Exercise objective - Retype each entry exactly as written, and keep the pictures out of the copy.

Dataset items

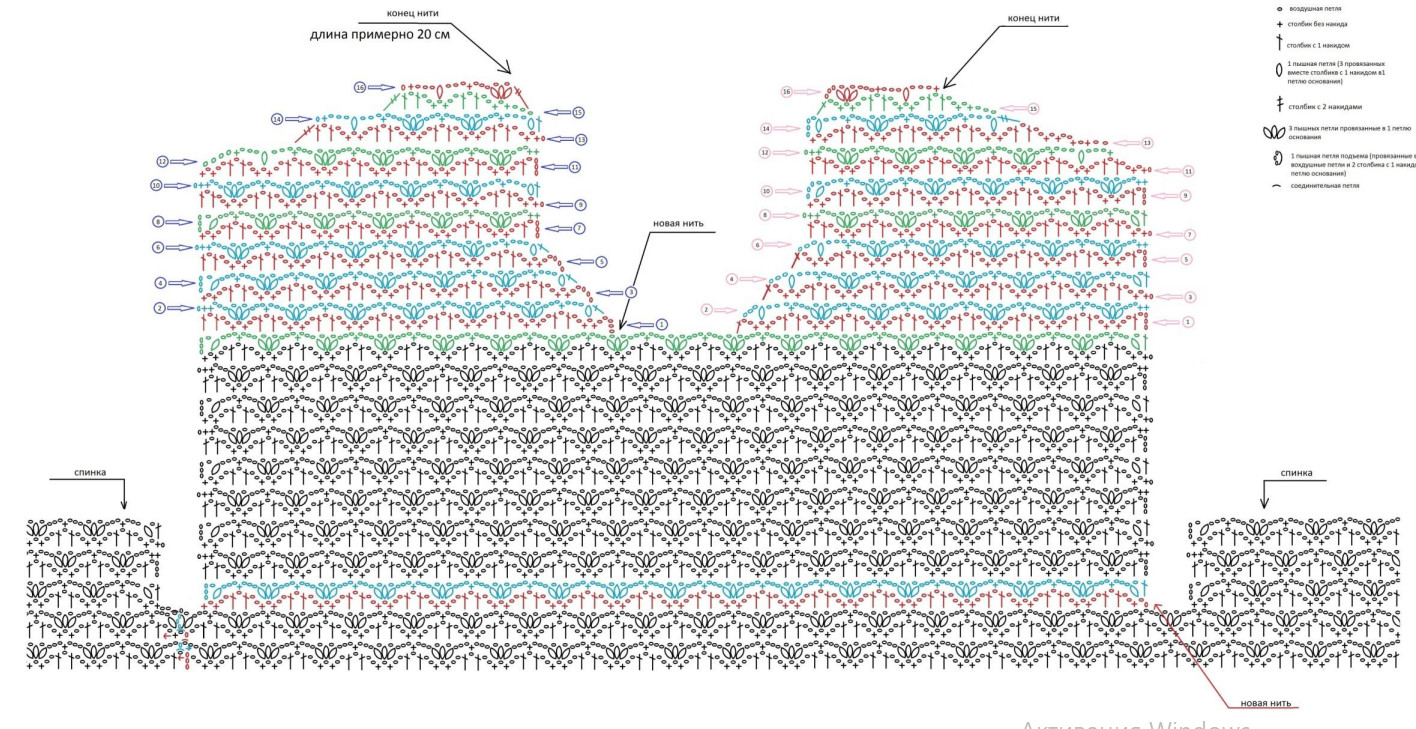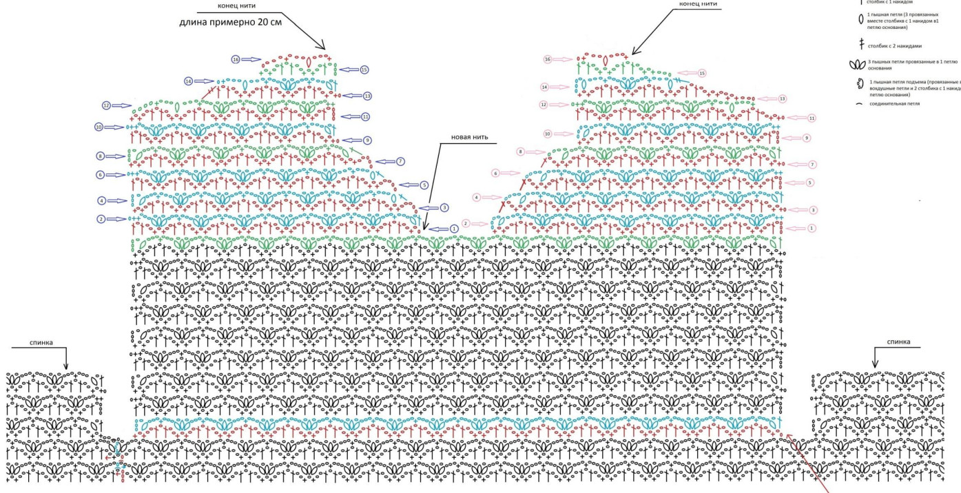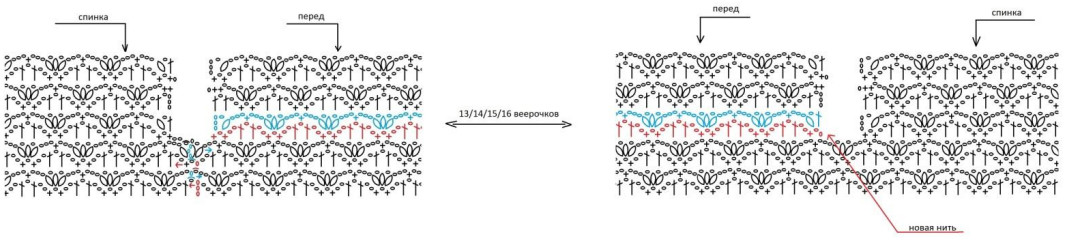 Спинку мы начинаем вязать по схеме 3. оставляя не провязанными по 1 веерочку, которые мы отметили маркерами. Первые 2 ряда спинки будут идти с уменьшением петель под проймы. Далее мы вяжем основным узором без изменений. Нам нужно провязать:
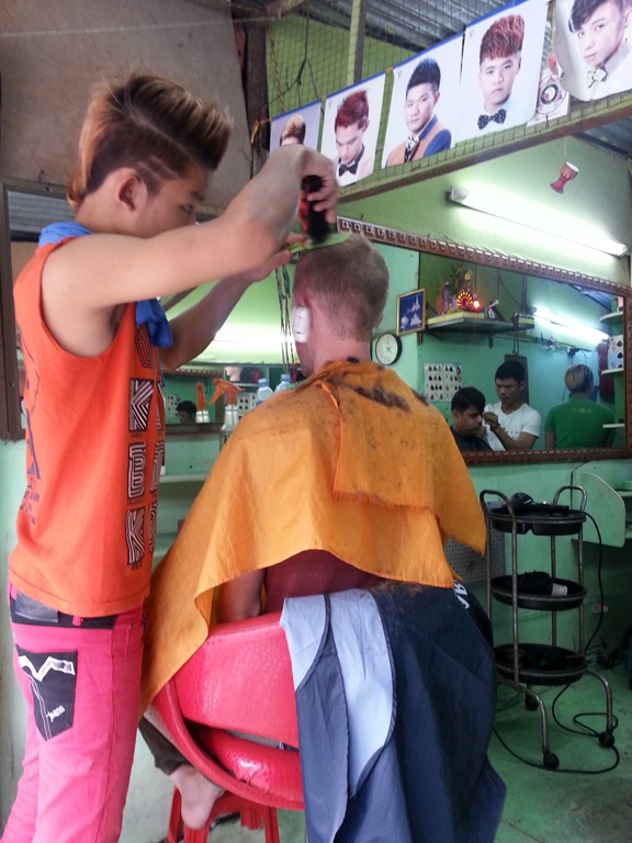 Hip Hairstylists. The hosts at our second hotel hooked us up with a haircut place about a block away. They charged $1 for a haircut, and although it wasn’t the best haircut Sam got, the guy who gave it to him probably had the best hair cut of anyone that cut Sam’s hair.
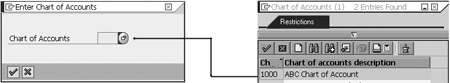 Step 5. Assign the symbolic account to G/L accounts through the chart of accounts. Enter transaction S_AHR_61010644 or follow the IMG menu path Payroll > Payroll: International > Reporting for Posting Payroll Results to Accounting > Activities for AC System > Assign Accounts > Assign Expense Accounts. Click the execute icon to display the Chart of Accounts selection screen (Figure 10). Enter the appropriate chart of account or click the select icon in the left window of Figure 10 to get a list of existing charts of accounts. In this example 1000 ABC Chart of Account is selected. Click the enter icon (a green check mark). Entering the Chart of Accounts calls up the FI Configuration window shown in Figure 11.
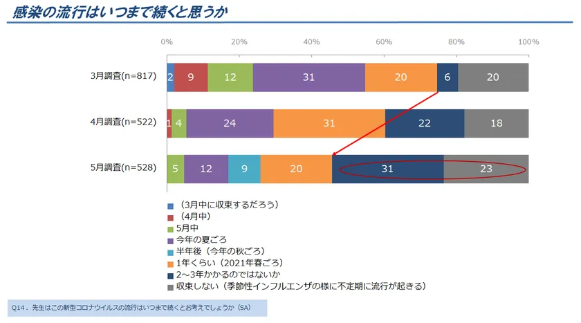 まだ不十分とはいえ、医療・検査体制に改善傾向が見られるなか、臨床現場の医師は感染の収束時期についてどのように考えているのでしょうか。
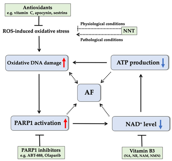 Another promising therapeutic option to prevent the vicious cycle of “oxidative DNA damage—excessive PARP1 activation and NAD+ depletion” in AF is through exogenous replenishment of NAD+ and/or its various forms of precursors [26]. NAD+ can be synthesized de novo from tryptophan but is mostly acquired via various dietary forms of vitamin B3 (VitB3): nicotinic acid (NA), NAM, nicotinamide riboside (NR), and nicotinamide mononucleotide (NMN) [161,162]. In particular, supplementation of NA, NMN, or NR has been shown as an effective strategy for boosting NAD+ levels in mouse models of aging [163,164,165], vascular diseases [166], and diabetes [167]. High dose NA supplementation can cause side effects, such as flushing [168]. While high dose NR supplementation has shown effectiveness in some disease models (e.g., obesity [169], diabetic neuropathy [170], dilated cardiomyopathy [171]), adverse effects on metabolism were also observed in overweight but otherwise relative heathy conditions, which might be attributed to the specific NNT containing genotype of mouse model [172,173]. This could suggest that efficacy of VitB3 supplementation is dependent on the presence of health conditions with a high NAD+ demand, such as those occurring in AF. VitB3, like other B-vitamins, has a key role in mitochondrial metabolism [174]. Sufficient VitB3 intake is essential to maintain mitochondrial function, balance levels of mitochondrial signaling metabolites, and prevent metabolic stress, while a dysregulated VitB3 metabolism leads to increased levels of mitochondrial ROS emission and oxidative DNA damage [175]. VitB3 thus may offer substantial therapeutic benefits for AF initiation and progression (Figure 3). Various dietary forms of VitB3 were shown to slow down oxidative stress-related heart diseases mostly by affecting NAD+ biosynthesis. Of potential relevance, NAM is not only a NAD+ precursor, but also a PARPs inhibitor [176], potentially exerting a dual pharmacodynamic effect on cardiomyocyte remodeling in AF. Interestingly, it was reported that NAM supplementation prevented experimental AF [177], also showed an amelioration of left ventricular contractile dysfunction, and attenuated progression of cardiac hypertrophy and heart failure by normalizing NAD+ levels [178]. NR represents a potential therapy for diseases in which NAD+ depletion has been implicated, such as AF and heart failure [179]. Supplementation of NMN, but also with NAM or with NR, has the potential to attenuate NAD+ imbalance and oxidative DNA damage as promoting factors of AF induction and maintenance.

Solution to the problem -
 Спинку мы начинаем вязать по схеме 3. оставляя не провязанными по 1 веерочку, которые мы отметили маркерами. Первые 2 ряда спинки будут идти с уменьшением петель под проймы. Далее мы вяжем основным узором без изменений. Нам нужно провязать:
 Hip Hairstylists. The hosts at our second hotel hooked us up with a haircut place about a block away. They charged $1 for a haircut, and although it wasn’t the best haircut Sam got, the guy who gave it to him probably had the best hair cut of anyone that cut Sam’s hair.
 Step 5. Assign the symbolic account to G/L accounts through the chart of accounts. Enter transaction S_AHR_61010644 or follow the IMG menu path Payroll > Payroll: International > Reporting for Posting Payroll Results to Accounting > Activities for AC System > Assign Accounts > Assign Expense Accounts. Click the execute icon to display the Chart of Accounts selection screen (Figure 10). Enter the appropriate chart of account or click the select icon in the left window of Figure 10 to get a list of existing charts of accounts. In this example 1000 ABC Chart of Account is selected. Click the enter icon (a green check mark). Entering the Chart of Accounts calls up the FI Configuration window shown in Figure 11.
 まだ不十分とはいえ、医療・検査体制に改善傾向が見られるなか、臨床現場の医師は感染の収束時期についてどのように考えているのでしょうか。
 Another promising therapeutic option to prevent the vicious cycle of “oxidative DNA damage—excessive PARP1 activation and NAD+ depletion” in AF is through exogenous replenishment of NAD+ and/or its various forms of precursors [26]. NAD+ can be synthesized de novo from tryptophan but is mostly acquired via various dietary forms of vitamin B3 (VitB3): nicotinic acid (NA), NAM, nicotinamide riboside (NR), and nicotinamide mononucleotide (NMN) [161,162]. In particular, supplementation of NA, NMN, or NR has been shown as an effective strategy for boosting NAD+ levels in mouse models of aging [163,164,165], vascular diseases [166], and diabetes [167]. High dose NA supplementation can cause side effects, such as flushing [168]. While high dose NR supplementation has shown effectiveness in some disease models (e.g., obesity [169], diabetic neuropathy [170], dilated cardiomyopathy [171]), adverse effects on metabolism were also observed in overweight but otherwise relative heathy conditions, which might be attributed to the specific NNT containing genotype of mouse model [172,173]. This could suggest that efficacy of VitB3 supplementation is dependent on the presence of health conditions with a high NAD+ demand, such as those occurring in AF. VitB3, like other B-vitamins, has a key role in mitochondrial metabolism [174]. Sufficient VitB3 intake is essential to maintain mitochondrial function, balance levels of mitochondrial signaling metabolites, and prevent metabolic stress, while a dysregulated VitB3 metabolism leads to increased levels of mitochondrial ROS emission and oxidative DNA damage [175]. VitB3 thus may offer substantial therapeutic benefits for AF initiation and progression (Figure 3). Various dietary forms of VitB3 were shown to slow down oxidative stress-related heart diseases mostly by affecting NAD+ biosynthesis. Of potential relevance, NAM is not only a NAD+ precursor, but also a PARPs inhibitor [176], potentially exerting a dual pharmacodynamic effect on cardiomyocyte remodeling in AF. Interestingly, it was reported that NAM supplementation prevented experimental AF [177], also showed an amelioration of left ventricular contractile dysfunction, and attenuated progression of cardiac hypertrophy and heart failure by normalizing NAD+ levels [178]. NR represents a potential therapy for diseases in which NAD+ depletion has been implicated, such as AF and heart failure [179]. Supplementation of NMN, but also with NAM or with NR, has the potential to attenuate NAD+ imbalance and oxidative DNA damage as promoting factors of AF induction and maintenance.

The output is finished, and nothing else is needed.